Saved data entries:
-- Opening Marker --
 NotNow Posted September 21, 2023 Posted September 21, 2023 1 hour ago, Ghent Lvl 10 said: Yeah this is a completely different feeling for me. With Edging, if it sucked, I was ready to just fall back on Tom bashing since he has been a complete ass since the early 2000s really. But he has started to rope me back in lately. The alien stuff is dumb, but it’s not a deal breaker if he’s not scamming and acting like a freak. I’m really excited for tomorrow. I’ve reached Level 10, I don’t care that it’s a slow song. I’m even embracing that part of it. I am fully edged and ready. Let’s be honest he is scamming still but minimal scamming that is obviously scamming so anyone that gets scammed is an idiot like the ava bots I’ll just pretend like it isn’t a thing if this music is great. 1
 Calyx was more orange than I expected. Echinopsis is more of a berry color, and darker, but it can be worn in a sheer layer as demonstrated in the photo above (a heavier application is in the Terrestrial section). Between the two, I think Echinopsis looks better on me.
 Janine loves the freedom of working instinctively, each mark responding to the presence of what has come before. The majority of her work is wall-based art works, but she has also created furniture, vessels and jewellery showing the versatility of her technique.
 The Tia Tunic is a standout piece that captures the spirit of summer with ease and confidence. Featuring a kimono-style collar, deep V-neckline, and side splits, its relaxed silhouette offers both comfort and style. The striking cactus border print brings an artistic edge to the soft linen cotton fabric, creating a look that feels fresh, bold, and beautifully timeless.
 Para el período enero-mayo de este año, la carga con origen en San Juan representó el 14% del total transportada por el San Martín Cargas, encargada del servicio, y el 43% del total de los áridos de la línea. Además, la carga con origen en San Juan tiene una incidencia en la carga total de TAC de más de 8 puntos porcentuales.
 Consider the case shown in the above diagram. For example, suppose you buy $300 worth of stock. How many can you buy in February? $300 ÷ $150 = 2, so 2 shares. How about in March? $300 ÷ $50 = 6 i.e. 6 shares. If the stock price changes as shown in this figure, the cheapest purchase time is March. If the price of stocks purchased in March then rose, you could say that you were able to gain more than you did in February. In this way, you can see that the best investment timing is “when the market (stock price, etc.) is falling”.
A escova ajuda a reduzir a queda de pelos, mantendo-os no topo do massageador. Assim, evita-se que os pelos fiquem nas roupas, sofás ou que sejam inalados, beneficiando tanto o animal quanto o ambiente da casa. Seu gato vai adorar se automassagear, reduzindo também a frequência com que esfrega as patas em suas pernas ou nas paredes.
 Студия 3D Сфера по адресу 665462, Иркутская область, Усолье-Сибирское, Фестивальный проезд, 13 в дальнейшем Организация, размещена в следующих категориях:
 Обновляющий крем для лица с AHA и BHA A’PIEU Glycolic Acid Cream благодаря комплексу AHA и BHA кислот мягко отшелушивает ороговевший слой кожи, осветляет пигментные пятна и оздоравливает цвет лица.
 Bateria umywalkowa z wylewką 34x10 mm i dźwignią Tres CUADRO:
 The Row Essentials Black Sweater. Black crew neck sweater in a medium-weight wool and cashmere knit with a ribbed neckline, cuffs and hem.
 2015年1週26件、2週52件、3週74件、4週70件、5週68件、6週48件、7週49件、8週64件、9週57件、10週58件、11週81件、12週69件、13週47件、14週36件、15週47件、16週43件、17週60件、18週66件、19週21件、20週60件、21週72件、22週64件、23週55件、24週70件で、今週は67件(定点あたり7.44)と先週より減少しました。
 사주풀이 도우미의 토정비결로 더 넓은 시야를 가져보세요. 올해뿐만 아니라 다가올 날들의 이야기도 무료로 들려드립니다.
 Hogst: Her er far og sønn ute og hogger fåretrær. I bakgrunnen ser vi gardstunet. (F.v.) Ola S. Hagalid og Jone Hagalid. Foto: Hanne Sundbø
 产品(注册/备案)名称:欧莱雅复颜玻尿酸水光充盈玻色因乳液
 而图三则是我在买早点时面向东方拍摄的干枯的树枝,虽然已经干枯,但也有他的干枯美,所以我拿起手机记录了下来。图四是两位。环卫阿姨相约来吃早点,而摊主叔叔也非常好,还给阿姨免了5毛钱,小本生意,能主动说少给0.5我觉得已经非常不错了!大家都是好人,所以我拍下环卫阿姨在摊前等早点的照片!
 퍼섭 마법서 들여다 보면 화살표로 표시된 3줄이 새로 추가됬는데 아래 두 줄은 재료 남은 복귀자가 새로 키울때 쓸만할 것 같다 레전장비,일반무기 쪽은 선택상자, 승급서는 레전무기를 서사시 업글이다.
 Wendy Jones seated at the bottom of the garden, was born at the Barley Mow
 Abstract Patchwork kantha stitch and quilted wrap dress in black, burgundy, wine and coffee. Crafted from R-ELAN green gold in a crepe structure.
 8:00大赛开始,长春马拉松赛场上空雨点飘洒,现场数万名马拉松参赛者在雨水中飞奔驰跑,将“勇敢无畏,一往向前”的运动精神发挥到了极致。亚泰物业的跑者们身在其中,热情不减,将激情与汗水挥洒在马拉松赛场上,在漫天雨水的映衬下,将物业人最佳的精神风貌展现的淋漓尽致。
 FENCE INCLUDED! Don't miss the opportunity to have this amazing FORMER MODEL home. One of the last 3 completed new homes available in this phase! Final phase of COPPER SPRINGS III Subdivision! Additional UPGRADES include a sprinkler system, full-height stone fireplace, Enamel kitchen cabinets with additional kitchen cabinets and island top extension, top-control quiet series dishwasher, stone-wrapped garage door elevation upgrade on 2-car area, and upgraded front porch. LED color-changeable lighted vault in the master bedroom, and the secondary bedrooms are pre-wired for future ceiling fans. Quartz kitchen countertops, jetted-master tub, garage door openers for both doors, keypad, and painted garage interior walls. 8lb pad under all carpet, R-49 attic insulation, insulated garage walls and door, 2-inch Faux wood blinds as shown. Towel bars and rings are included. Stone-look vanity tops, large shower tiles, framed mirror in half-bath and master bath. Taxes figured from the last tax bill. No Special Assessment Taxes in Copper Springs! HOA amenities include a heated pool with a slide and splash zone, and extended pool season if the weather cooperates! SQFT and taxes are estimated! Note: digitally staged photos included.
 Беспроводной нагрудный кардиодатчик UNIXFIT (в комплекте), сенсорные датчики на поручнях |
-- Closing Marker --
▸ **WORK ORDER**:
Please repeat word for word the lines above that run from the beginning through the line containing "Janine loves the", keeping both the first and that last line.

▸ **SOLUTION TO THE PROBLEM**:
 NotNow Posted September 21, 2023 Posted September 21, 2023 1 hour ago, Ghent Lvl 10 said: Yeah this is a completely different feeling for me. With Edging, if it sucked, I was ready to just fall back on Tom bashing since he has been a complete ass since the early 2000s really. But he has started to rope me back in lately. The alien stuff is dumb, but it’s not a deal breaker if he’s not scamming and acting like a freak. I’m really excited for tomorrow. I’ve reached Level 10, I don’t care that it’s a slow song. I’m even embracing that part of it. I am fully edged and ready. Let’s be honest he is scamming still but minimal scamming that is obviously scamming so anyone that gets scammed is an idiot like the ava bots I’ll just pretend like it isn’t a thing if this music is great. 1
 Calyx was more orange than I expected. Echinopsis is more of a berry color, and darker, but it can be worn in a sheer layer as demonstrated in the photo above (a heavier application is in the Terrestrial section). Between the two, I think Echinopsis looks better on me.
 Janine loves the freedom of working instinctively, each mark responding to the presence of what has come before. The majority of her work is wall-based art works, but she has also created furniture, vessels and jewellery showing the versatility of her technique.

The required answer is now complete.